WORK REQUIRED: Could you retype every line below exactly, omitting the images?

***** DATA SECTION *****

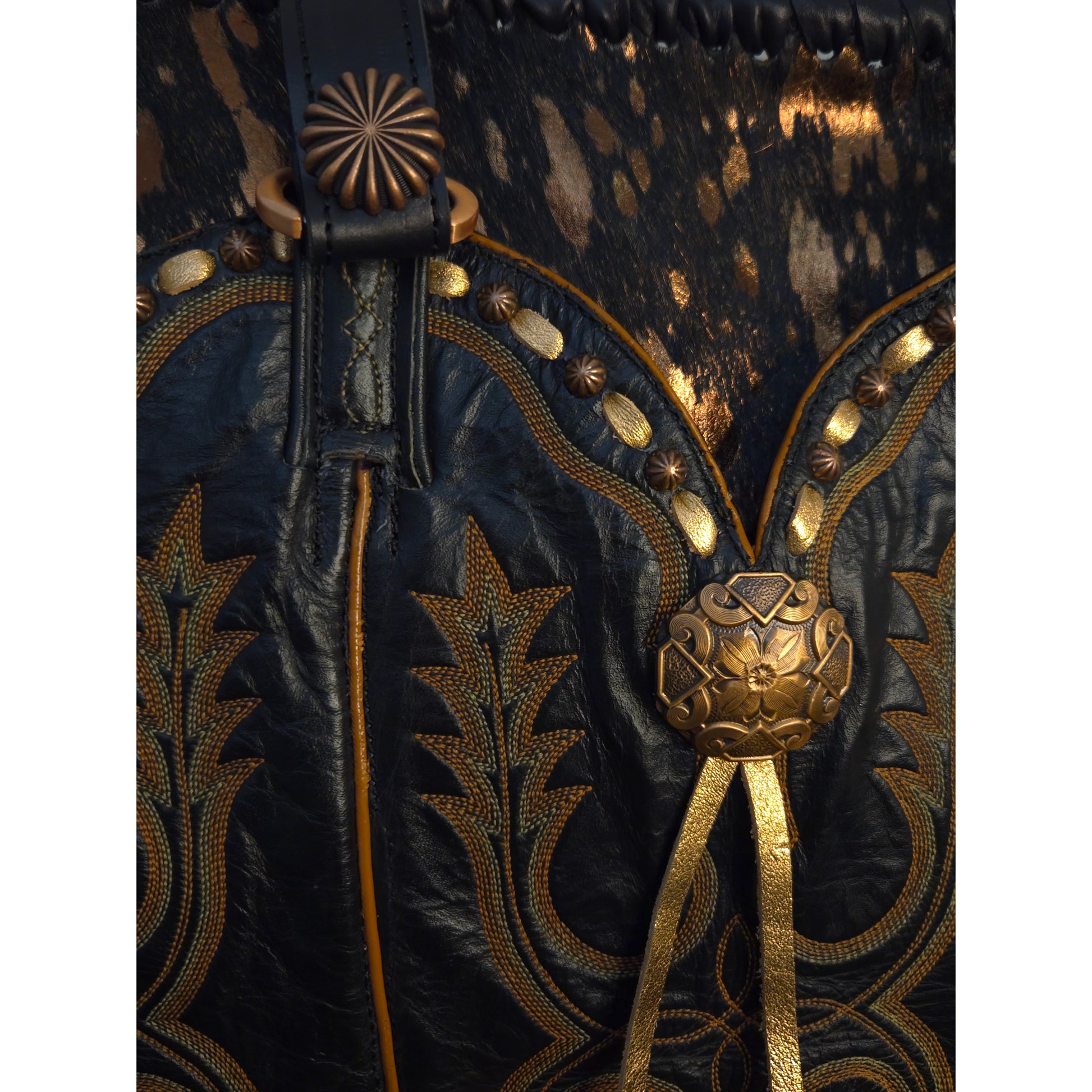 Gorgeous vintage Tony Lama Boot Top paired with Copper and black acid wash cowhide and smooth black leather. Featuring copper hardware and 18" hand cut fringe.
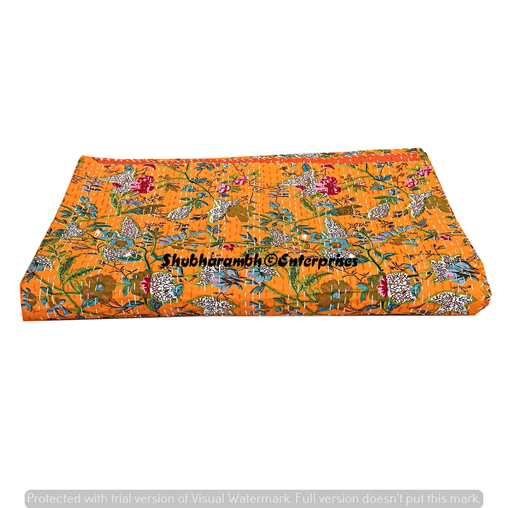 Size: Queen Custom Bundle: No Theme: Asian UPC: Does not apply Care Instructions: Machine Washable Weight: 1.200 Kg {Approx } Shape: Rectangular Item Width: 108'' Inches { 274 Cm } Material: 100% Cotton, Cotton gtin13: Does not apply Personalized: Yes Style: Kantha Closure Type: No Closure Item Length: 90'' Inches { 228 Cm } MPN: Does Not Apply Wash Care: Machine Washable Country/Region of Manufacture: India Thread Count: 1000 or More Type: Comforter Insulation: All Seasons Product Line: Hand Print Pattern: Bird Color: Orange Brand: Handmade Features: Decorative, Quilted Size In Inches: 90'' x 108" Inch (228 x 274 Cm)
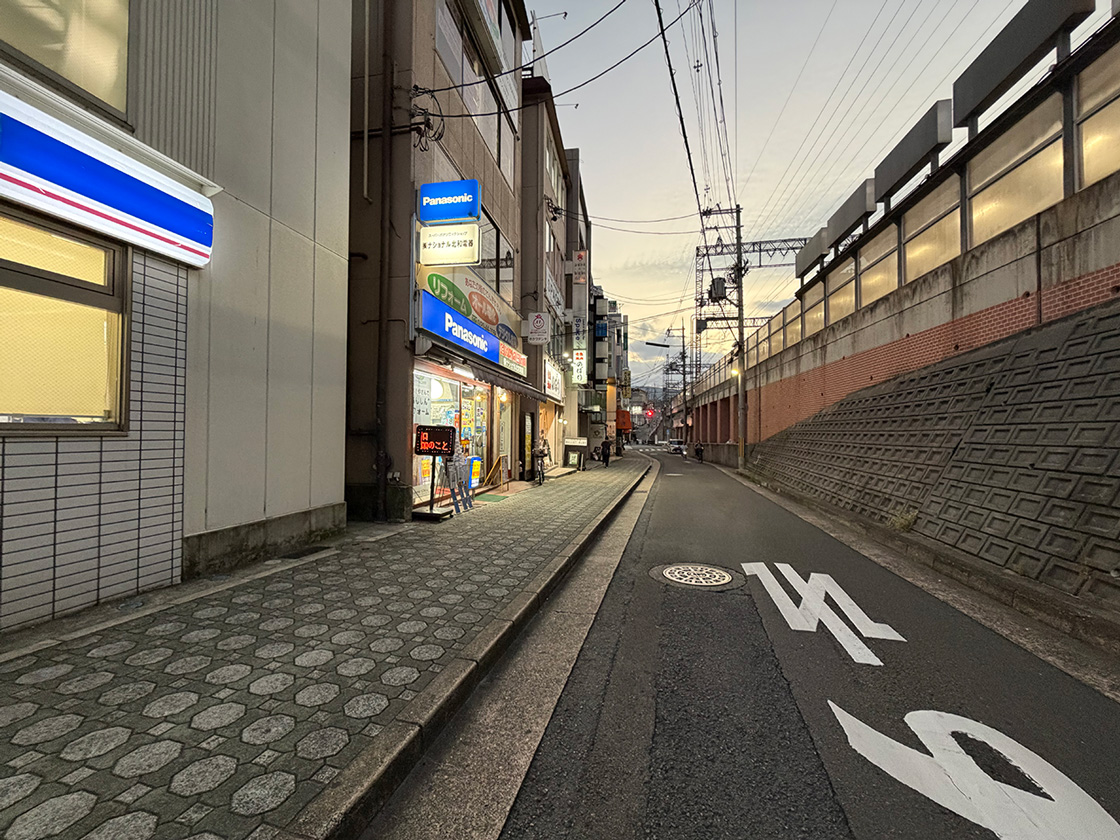ローソンがある線路沿いを少し歩いたところ。

*****

ANSWER BOX:
 Gorgeous vintage Tony Lama Boot Top paired with Copper and black acid wash cowhide and smooth black leather. Featuring copper hardware and 18" hand cut fringe.
 Size: Queen Custom Bundle: No Theme: Asian UPC: Does not apply Care Instructions: Machine Washable Weight: 1.200 Kg {Approx } Shape: Rectangular Item Width: 108'' Inches { 274 Cm } Material: 100% Cotton, Cotton gtin13: Does not apply Personalized: Yes Style: Kantha Closure Type: No Closure Item Length: 90'' Inches { 228 Cm } MPN: Does Not Apply Wash Care: Machine Washable Country/Region of Manufacture: India Thread Count: 1000 or More Type: Comforter Insulation: All Seasons Product Line: Hand Print Pattern: Bird Color: Orange Brand: Handmade Features: Decorative, Quilted Size In Inches: 90'' x 108" Inch (228 x 274 Cm)
ローソンがある線路沿いを少し歩いたところ。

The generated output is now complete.